22mag gets it done for me.


----------



## old graybeard (Jan 19, 2006)

Sprytle said:


> Oh Man! Perfect BBQ size! Since its a bigger one, stuff it with mushrooms and onions & cheese and tie it up! Mmmmmm...


Sounds good!


----------



## Swampdog467 (Jul 6, 2017)

Sprytle said:


> Oh Man! Perfect BBQ size! Since its a bigger one, stuff it with mushrooms and onions & cheese and tie it up! Mmmmmm...


I've tried it twice, once with a young adult and once with a pup. Is pup the right term? Anyway, I didn't find it worth the effort. Very difficult to skin and the meat was tough. Is there a secret to either of those problems?

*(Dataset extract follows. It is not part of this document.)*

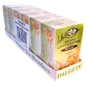 Instant Dalgety Ginseng y jengibre con miel té - té del Caribe Real. Conocido para estimular su sistema inmune. Paquete de 6 - Total 120 acidez. Small fuerza de té. 100% té de hierbas naturales. Producto de Reino Unido
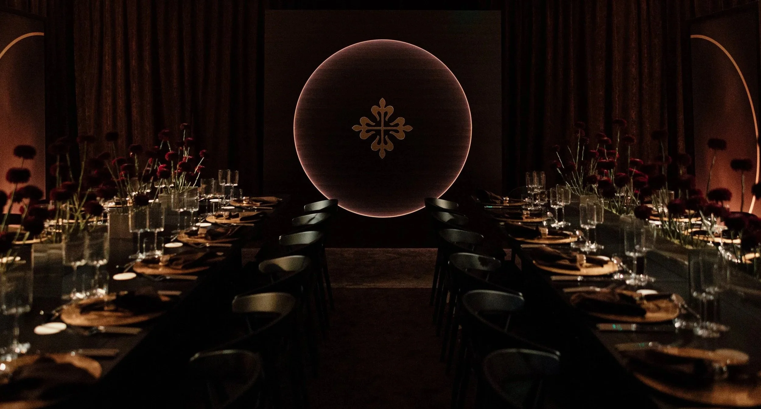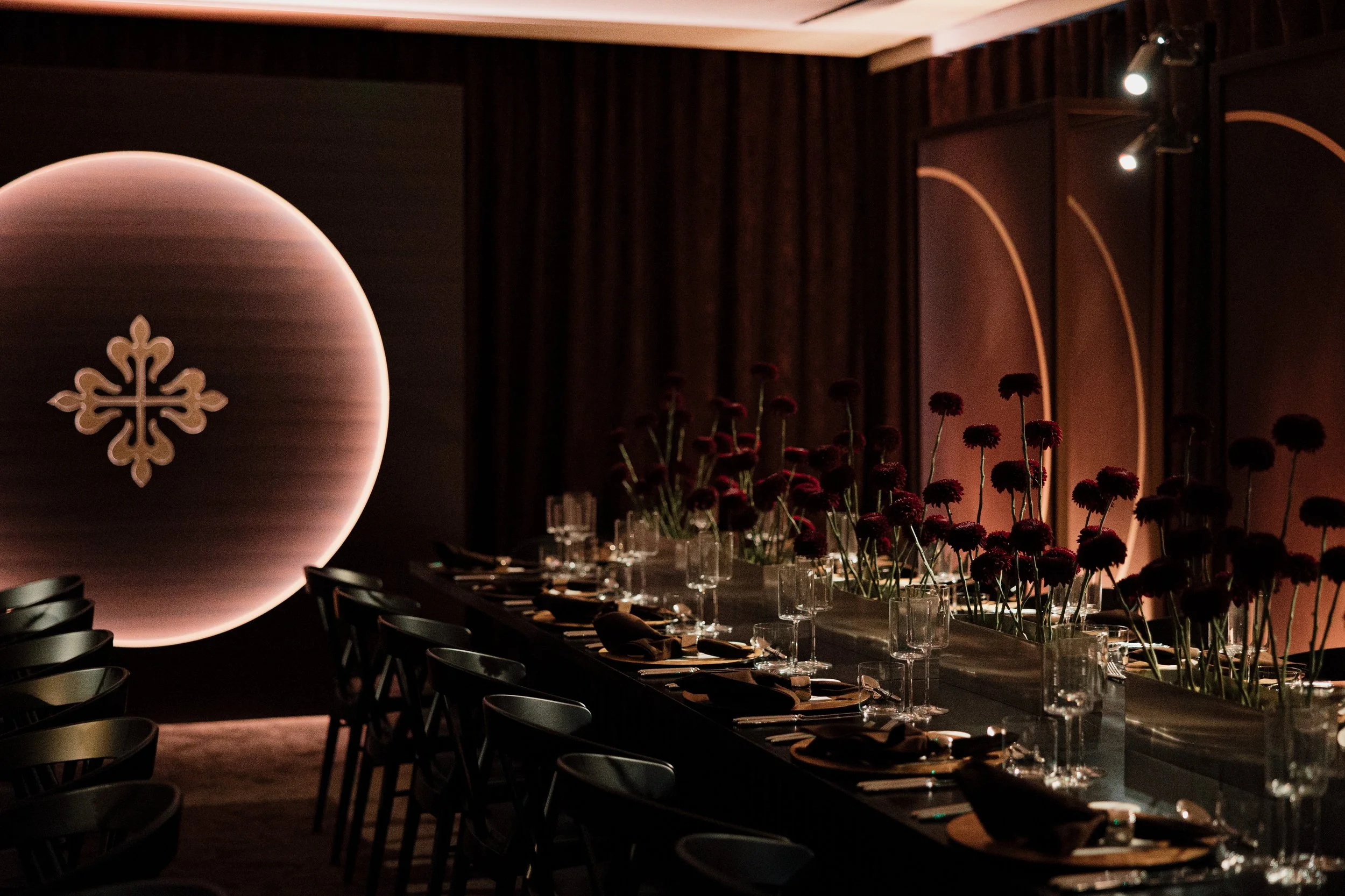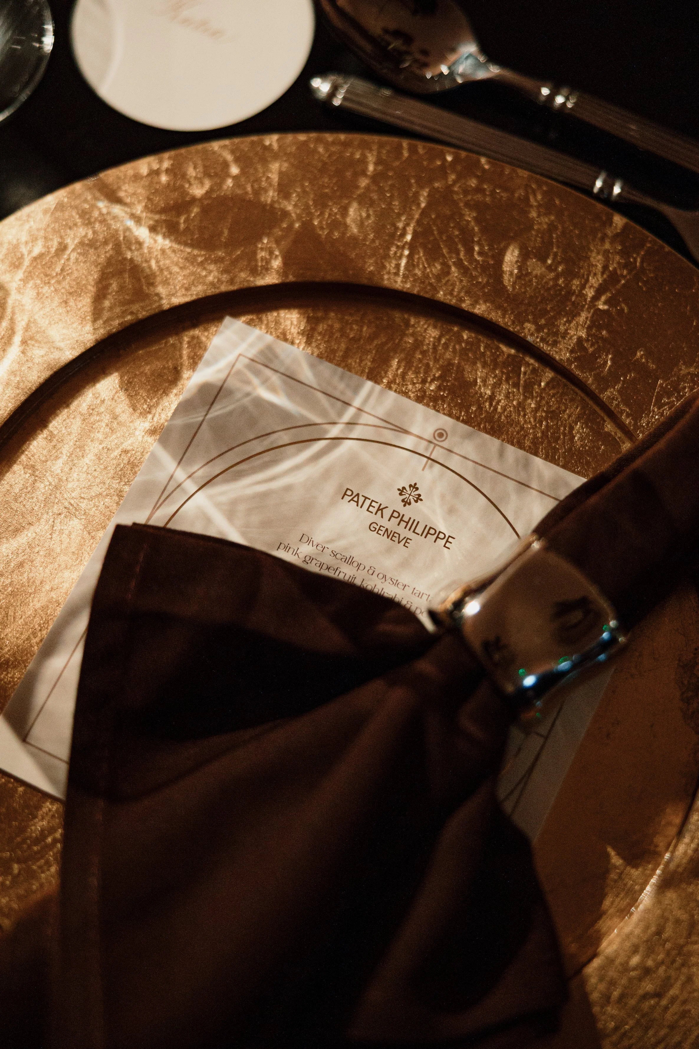 CREATIVE MOTIFS, MATERIALS, AND TEXTURES WERE DRAWN DIRECTLY FROM THE COLLECTION ITSELF AND TRANSLATED ACROSS EVERY MAJOR TOUCHPOINT—FROM BESPOKE HAND-PRINTED INVITATIONS AND MENUS TO CHOREOGRAPHED LIGHTING AND STATEMENT FEATURE WALLS. EACH DETAIL WAS DESIGNED TO BUILD A COHESIVE, DEEPLY IMMERSIVE ENVIRONMENT, ELEVATING THE COLLECTION THROUGH A SENSORY, CULTURALLY-LED DINING AND EXHIBITION EXPERIENCE THAT REFLECTED THE PRECISION, HERITAGE, AND CRAFT AT THE HEART OF PATEK PHILIPPE.

Sent from my XT1585 using Michigan Sportsman mobile app


----------



## K. Trout (Nov 17, 2008)

We rescued 2 Jack Russel Terriers last fall and to date 2 adult chucks and 2 pups. I haven't had to break out the live trap yet. LOL


----------



## wolverines (Jan 29, 2007)

I’ve got a large woodchuck hole in one of my food plots. I’ve killed 3 out of it this year. Kill one, another moves in.


----------



## FREEPOP (Apr 11, 2002)

Averaging one a day for the past two weeks


----------



## old graybeard (Jan 19, 2006)

Number 8


----------



## wolverines (Jan 29, 2007)

Found #4 in that same food plot a couple days ago. Haven’t killed him...yet.


----------



## wolverines (Jan 29, 2007)

Got #4 in that hole today


----------



## old graybeard (Jan 19, 2006)

Another one bites the dust.


----------



## 22 Chuck (Feb 2, 2006)

Lucky guys


----------



## FREEPOP (Apr 11, 2002)

I killed two Sunday morning. Definitely over 20 now.
The turkey vultures were busy, only hide and bones left this afternoon.


----------



## James Dymond (Feb 23, 2002)

FREEPOP said:


> I killed two Sunday morning. Definitely over 20 now.
> The turkey vultures were busy, only hide and bones left this afternoon.


----------



## James Dymond (Feb 23, 2002)

Freepop: We always had some around until we started getting more coyotes 20 or so years ago. I remember seeing a coyote on the side of US23 watching a chuck hole years ago. Chucks seemed to get scarce since then, but see a few now and the coyotes numbers are down now. Have you seen any relationship like that over in your area?
Jim


----------